The reason this was a difficult book to read was because I love a meth addict.

Despite the fact meth has taken a toll on his physical and mental health, someone I love continues to use the drug he has used for years. He is the main reason that I was interested in reading this book. I was searching for understanding, and on some level I found it. Although I still see meth as a nasty drug because of all of the side effects that come with it, meth gives the addict energy and euphoria that cannot be compared to anything else. At one point in our nation’s history, a form of it was legal because of the way it allowed people to work longer and harder. It was marketed as a weight loss drug. The fact it makes people feel good is undeniable. And for a while, at least, it allows them to work more (which is why it is so popular among the working class).

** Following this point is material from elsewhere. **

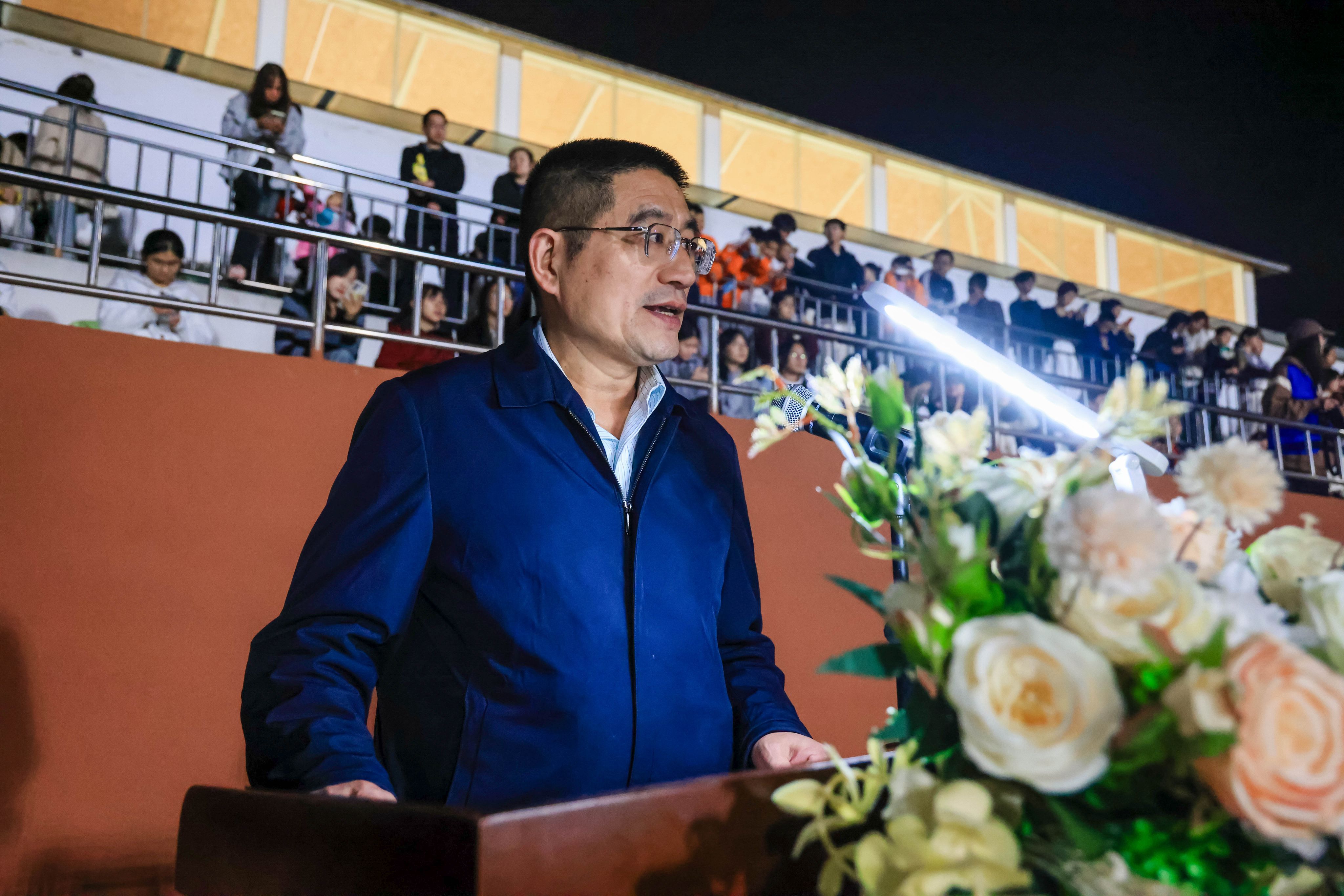 校党委书记、常务副校长、校体委主任江珩为秋季运动会开幕式致辞。他强调,体育是学校教育事业的基石,是践行“身心健康第一”育人理念的关键环节。学校始终高度重视体育工作,不断加大投入,完善体育设施,已陆续建成包括晨光体育场、健源体育场、森林运动场、阳光运动场、国球馆、云天游泳馆、环校园休闲健身步道在内的一批高标准、特色化体育场馆,为广大师生提供了丰富、优质的运动平台。他呼吁全校师生共同努力,将本届运动会办成文明、和谐、安全、精彩的体育盛会,让运动的激情点燃秋日的校园,让青春的力量在赛场上绽放。

This book gave me the glimpse into meth addiction that I needed to both understand my loved one’s addiction and understand that there was very little that I could do to motivate him to quit the drug. While a non-addicted person or a person addicted to something less mind-altering may have responded to my pleas to get clean differently, it has been good for me to better understand the immensity of the burden of those fighting meth addiction. In reading about the addict who was nine months clean and living with his parents, one quote stuck out to me: “For Major, waiting to see what price his son would pay for his transgressions was a daily reminder of why he had to stay straight. But his anxiety and guilt were also an hourly motivation to get high.” A person recovering from addiction has to want to stay straight more than they want to drown out the anxiety and guilt.

While I like to believe that if I were faced with an addiction I would stop using whatever addictive substance if a loved one asked. After slightly better understanding exactly what addiction, especially addiction to meth does to a person, I’m not entirely sure what I would do. In the grips of addiction, I doubt I would be strong enough to get clean alone. I am increasingly convinced that only God can help someone break the bonds of addiction.